If it picks 'to have'
the result could be sensibly inflected as 'had'
, 'have'
, 'having'
, 'will have'
, 'would have'
, etc. (but not 'has'
). (The resulting line would be something like 'The nymphs have'
and the sensibly-inflected result will provide better context for future results ...)
I'd like for 'depature'
to be a valid possibility in this case; while 'The nymphs departure'
doesn't make sense (it's not "nymphs'"
), 'The nymphs departed'
(or other verb conjugations) would.
Seemingly 'The nymphs quick'
wouldn't make sense, but something like 'The nymphs quickly [...]'
or 'The nymphs quicken'
could, so 'quick'
is also a possibility for sensible inflection.
Breaking down the tasks
- Tag part of speech, plurality, tense, etc. -- of original inputs. Taking note of this could help to select from the several possibilities (i.e. choosing between had/have/having could be more directed than random if a user had inputted
'having'
rather than some other tense). I've heard the Stanford POS tagger is good, which has an implementation in NLTK. I am not sure how to handle tense detection here. - Consider context in order to rule out grammatically peculiar possibilities. Consider the last couple words and their part-of-speech tags (and tense?), as well as sentence boundaries if any, and from that, drop things that wouldn't make sense. After
'The nymphs'
we don't want another article (or determiner, as far as I can tell), nor an adjective, but an adverb or verb could work. Comparison of the current stuff with sequences in tagged corpora (and/or Markov chains?) -- or consultation of grammar-checking functions -- could provide a solution for this. - Select a word from the remaining possibilities (those that could be inflected sensibly). This isn't something I need an answer for -- I've got my methods for this. Let's say it's randomly selected.
- Transform the selected word as needed. If the information from #1 can be folded in (for example, perhaps the "pluralize" flag was set to True), do so. If there are several possibilities (e.g. picked word is a verb, but a few tenses are possible) select, randomly. Regardless I'm going to need to morph the word before inserting it into the "poem".

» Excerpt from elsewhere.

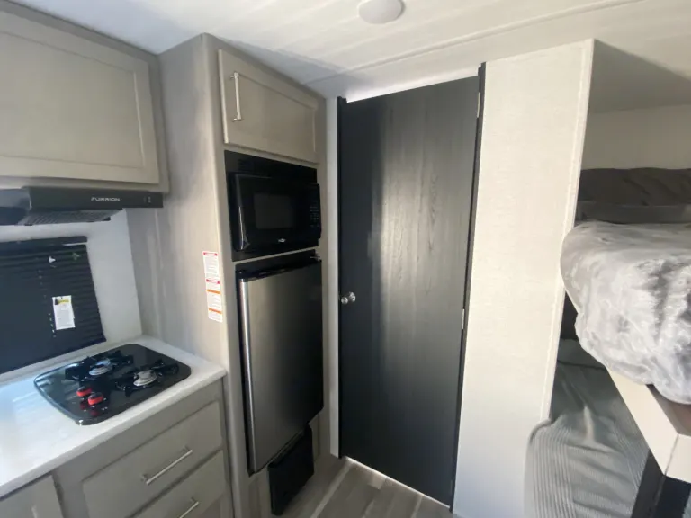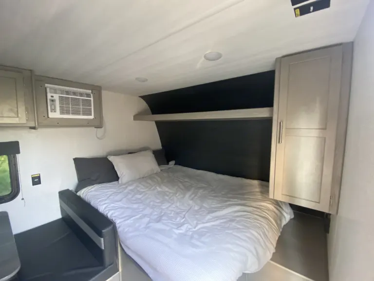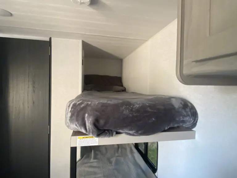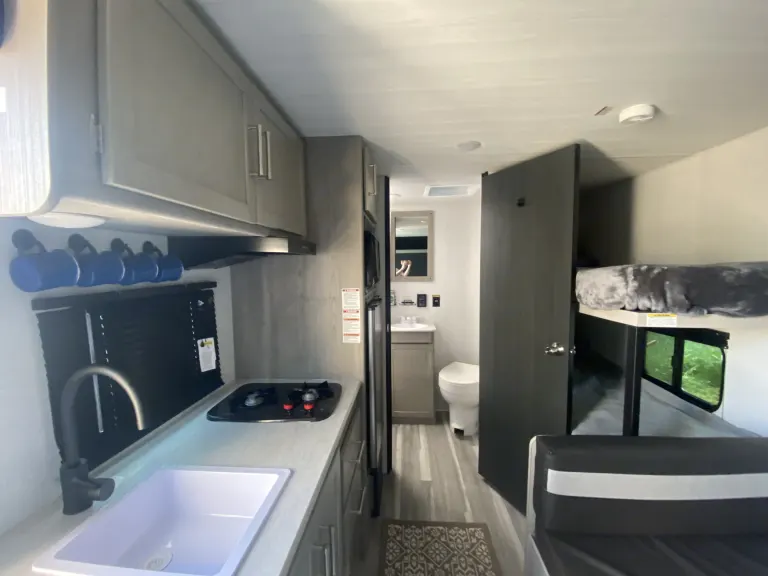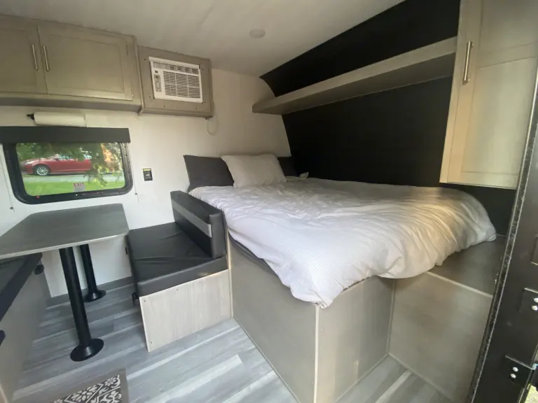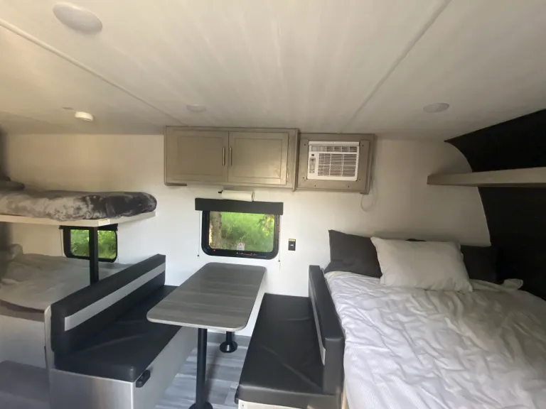 This spacious yet Mini travel trailer offers an upgraded rv queen bed, two bunks, and a dinette that converts to a sleeper for your smaller campers. Comes equipped with sheets, basic kitchen wares including spatula, eating utensils, dishes, pot and pan, coffee pot, paper towel, and RV-safe toilet paper. Plenty of storage to stash paddle boards, life vests, and fishing gear. Enjoy your Alaskan adventure without missing the comforts of gas burners to cook on, heat, AC, and running water. Don’t forget the automatic awning for shade while you enjoy all that Alaska has to offer! What's included• Paper towel
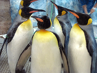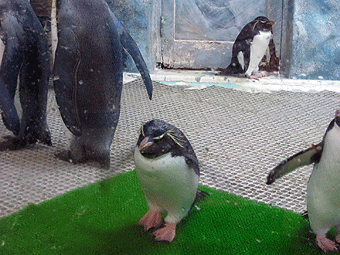 さて、さっきとは別の所にも他のペンちゃんがいます。もう少し寒い所に住んでいる「キングペンギン」と「イワトビペンギン」です。

I'm looking for advice on the soundness of this routine, as well as suggestions for steps to add. Ways to break down these steps further would also be helpful. Finally I'm looking for suggestions on what tool might best accomplish each task.
I've tried to be as concise as possible, while providing enough information. Please don't hesitate to ask me for clarification! I'll appreciate any information I get, and I'll accept the clearest / most illuminating answer :) Thanks!